**WHAT IS BEING ASKED:** From the line that contains "Casual Sleeveless Slim" down to the last line of the listing below, reproduce each line exactly but not the pictures.

**DATASET EXTRACT:**
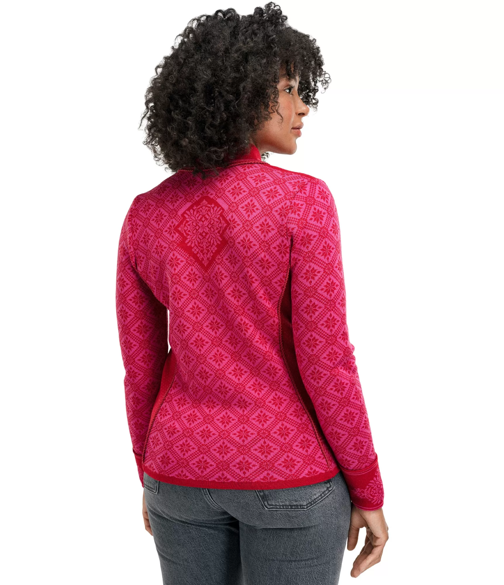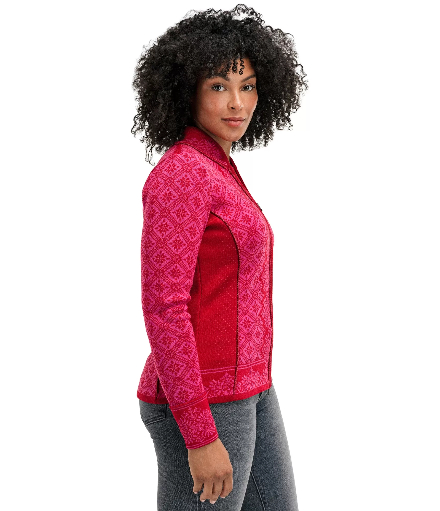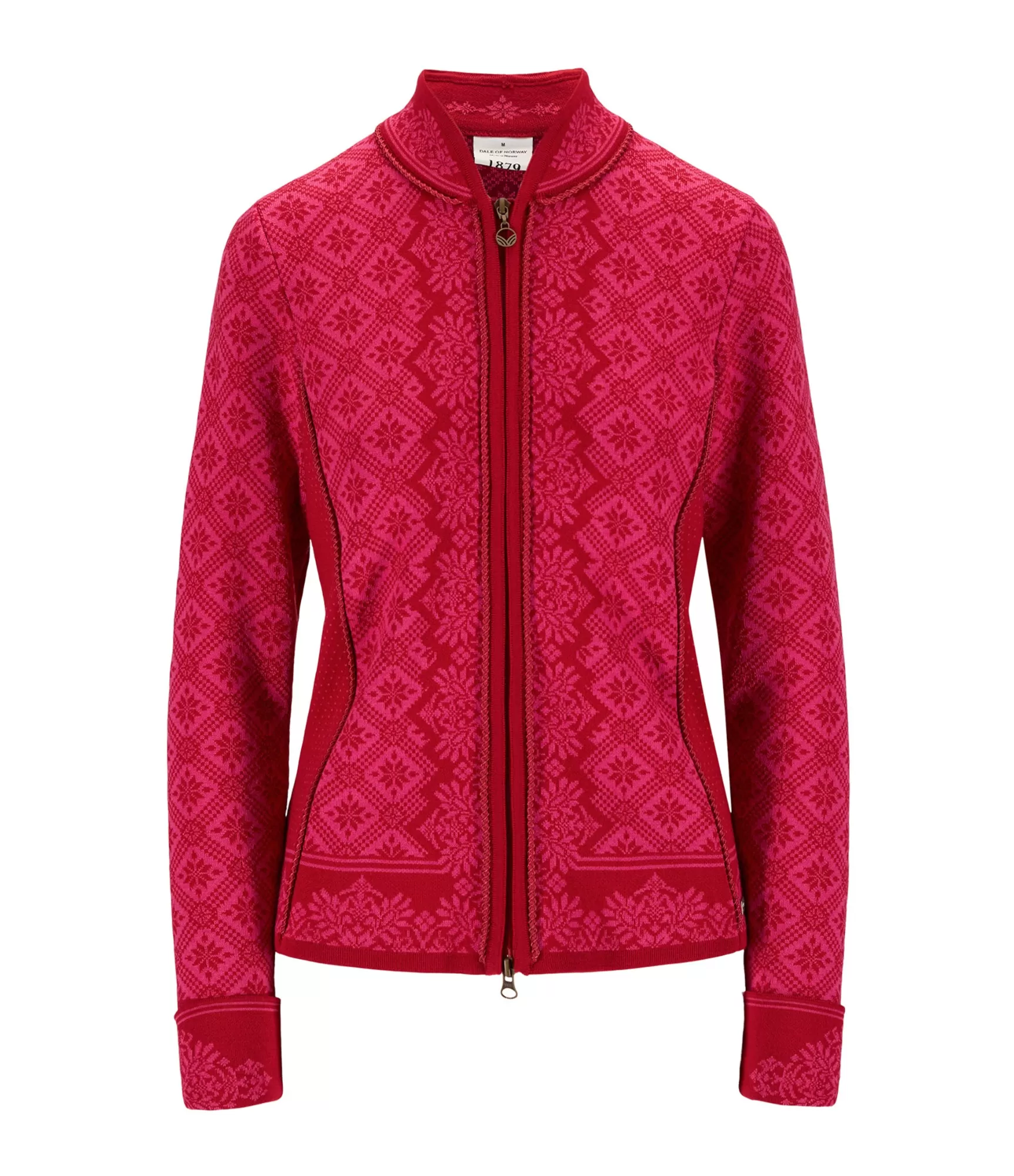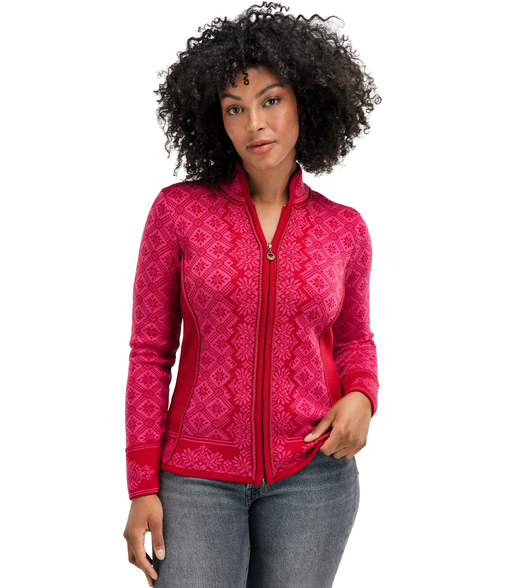 Christiania Fem jakas modelim ir pieguļošs piegriezums ar rāvējslēdzēju, kas atveras abās pusēs. Tas ir ne tikai praktisks, bet arī ļoti skaists apģērbs, kas uzsver sievišķīgās formas. Maigā aveņkrāsas Raspberry Allium krāsa piešķir jakai smalku romantiku, bet tradicionālie norvēģu raksti - laika gaitā pārbaudītu eleganci. Šis džemperis ir piemērots gan ikdienai, gan svētku reizēm - tas labi saderēs ar džinsiem, svārkiem vai klasisku mēteli.
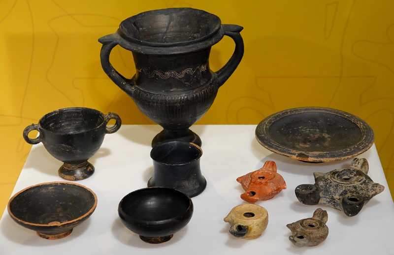 Après s’être promenés pendant presque deux heures dans les ruelles antiques, on fait un tour au musée. Celui-ci, installé depuis plus de cent ans sur les ruines réhabilitées d’un ancien couvent, est fermé en raison du covid, mais une salle présente tout de même quelques objets retrouvés lors des fouilles. Intéressant !
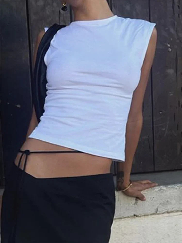 Casual Sleeveless Slim Fit Pullovers Backless Tie-up Female Base Vest Top Clubwear Crop Tops
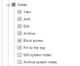 Additional permissions Edit system notes and Archive system notes should be used mindfully, since it allows the user to manage notes added by the system.

**EXERCISE RESULT:**
 Casual Sleeveless Slim Fit Pullovers Backless Tie-up Female Base Vest Top Clubwear Crop Tops
 Additional permissions Edit system notes and Archive system notes should be used mindfully, since it allows the user to manage notes added by the system.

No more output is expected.